As formas de violência mais recorrentes em 2023 foram negligência (87,6%), violência psicológica (84,8%), violência patrimonial (76,7%) e violência física (75,4%). A Região Sudeste lidera em número de denúncias, com 53% do total, seguida pela Região Nordeste, com 19,9%. Essa distribuição acompanha a maior concentração de idosos nessas regiões.
A médica Cristiane Pina, liderança política de Senador Canedo, também comentou sobre a violência contra a pessoa idosa, destacando a responsabilidade coletiva diante do problema. “A violência contra a pessoa idosa não é somente um problema familiar, é um alerta de que estamos falhando enquanto sociedade. Enquanto estive no Conselho de Defesa dos Direitos da Pessoa Idosa e hoje como médica, vejo de perto sinais do abandono, como desnutrição, solidão, depressão, sinais visíveis de violência física, psicológica e muitos desses sinais, poderiam ter sido evitados com a Política Nacional de Cuidados.”

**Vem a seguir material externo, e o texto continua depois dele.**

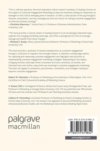 This book provides a synthesis of research perspectives on customer engagement through a collection of chapters from thought leaders. It identifies cutting-edge metrics for capturing and measuring customer engagement and highlights best practices in implementing customer engagement marketing strategies. Responding to the rapidly changing business landscape where consumers are more connected, accessible, and informed than ever before, many firms are investing in customer engagement marketing. The book will appeal to academics, practitioners, consultants, and managers looking to improve customer engagement.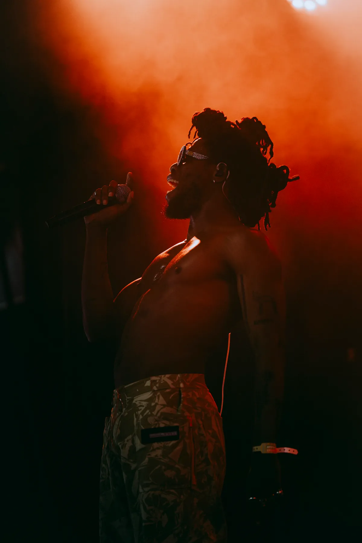 Zijn stem kan alle vormen aan nemen, zo ook op de vrijdagmiddag van Lowlands. Z’n nieuwe plaat Paradise Now leent zich perfect voor de uitleving van die diversiteit: R&B, afrobeat, altrock, synthpop, het komt allemaal voorbij. De ene keer trippelt hij ritmisch in praatrap over de beat, de andere keer schiet zijn stem in die kenmerkende kwetsbare falsetto. En dan die hoge kreetjes tussen z’n rapteksten door: ‘HAA!’, ‘SHOO!’ HO!’, alsof hij zichzelf even wakker schudt en op scherp zet. Hij gebruikt z’n stem als een instrument. Af en toe is hij een soort Kate Bush op afrobeat. Impulsief rent hij over het podium, met grootse bewegingen erbij. Soms lijkt hij haast te vogue-en. Dan weer stampt-ie, of zwaait hij met z’n microfoonstandaard door de lucht. Z’n lichaam glimt van het zweet.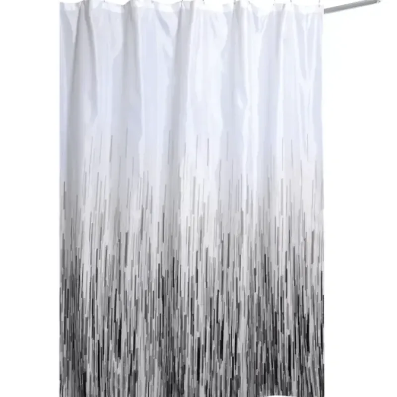 The Greyscale Rain Shower Curtain by Moda. is printed in beautiful grey tones on a solid white polyester for a relaxing look. This Shower Curtain features an abstract pattern. almost feels like a warm summer rainfall. This fabric shower curtain will go easily with any décor and brighten up your shower space. Made of 100% Polyester. Easy Care. Machine Washable. A shower liner is recommended.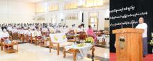 ၅-၃-၂၀၂၃ ရက်နေ့တွင် ၂၀၂၃ ခုနှစ် သာသနာတော်ဆိုင်ရာ ဘွဲ့တံဆိပ်တော်များ ဆက်ကပ်ပူဇော်ပွဲ မဟာမင်္ဂလာ အခမ်းအနားသို့ ပြည်ထောင်စုစာရင်းစစ်ချုပ် တက်ရောက်ခြင်း နှင့် ဝန်ထမ်းများနှင့်အတူ ဆွမ်းဆန်တော်၊ လှူဖွယ်ပစ္စည်းများလောင်းလှူခြင်း

O que a violência contra criança e aos idosos têm em comum
Dados recentes revelam um cenário alarmante de violações de direitos humanos e fragilidade nas políticas públicas de proteção, somadas à desigualdade social.
Segundo o DataSUS (2023), 60% das crianças vítimas de violência têm entre 0 e 9 anos e vivem em famílias de baixa renda. Já entre os idosos, o Instituto Brasileiro de Geografia e Estatística (IBGE) aponta que quase 70% vivem com até dois salários mínimos.
A cultura da violação de direitos humanos também se manifesta de forma preocupante dentro de lares e comunidades. Em 2023, o Brasil registrou mais de 230 mil denúncias de violações de direitos humanos, de acordo com o Ministério dos Direitos Humanos. Somente o Disque 100 recebeu mais de 180 mil denúncias de violência contra crianças e adolescentes. A violência contra idosos também se destaca: foram mais de 50 mil denúncias, a maioria relacionada à negligência, maus-tratos e abandono.
Além da violência, a insuficiência de políticas públicas agrava o cenário. Entre 2014 e 2023, o orçamento destinado à assistência social sofreu uma redução de 34%, segundo levantamento do Ipea (Instituto de Pesquisa Econômica Aplicada). A falta de estrutura também é evidente: apenas 4,6% dos municípios brasileiros contam com centros especializados para atendimento à pessoa idosa (IBGE, 2022), e a quantidade de conselhos tutelares ainda é insuficiente para atender a demanda, com muitos municípios dispondo de apenas uma unidade para milhares de crianças (CNMP, 2023).
Proteger crianças, adolescentes e idosos não é apenas de dentro de casa, mas sim, um dever coletivo. É necessário fortalecer políticas públicas, ampliar programas sociais, investir em educação de qualidade, promover campanhas de conscientização, pontos que já estão em discussão no Plano Nacional de Cuidados, batizado de “Brasil que Cuida”, que colocará em prática a Política Nacional de Cuidados.
Denuncie: Canais como o Disque 100 são necessários para romper o ciclo de silêncio e impunidade.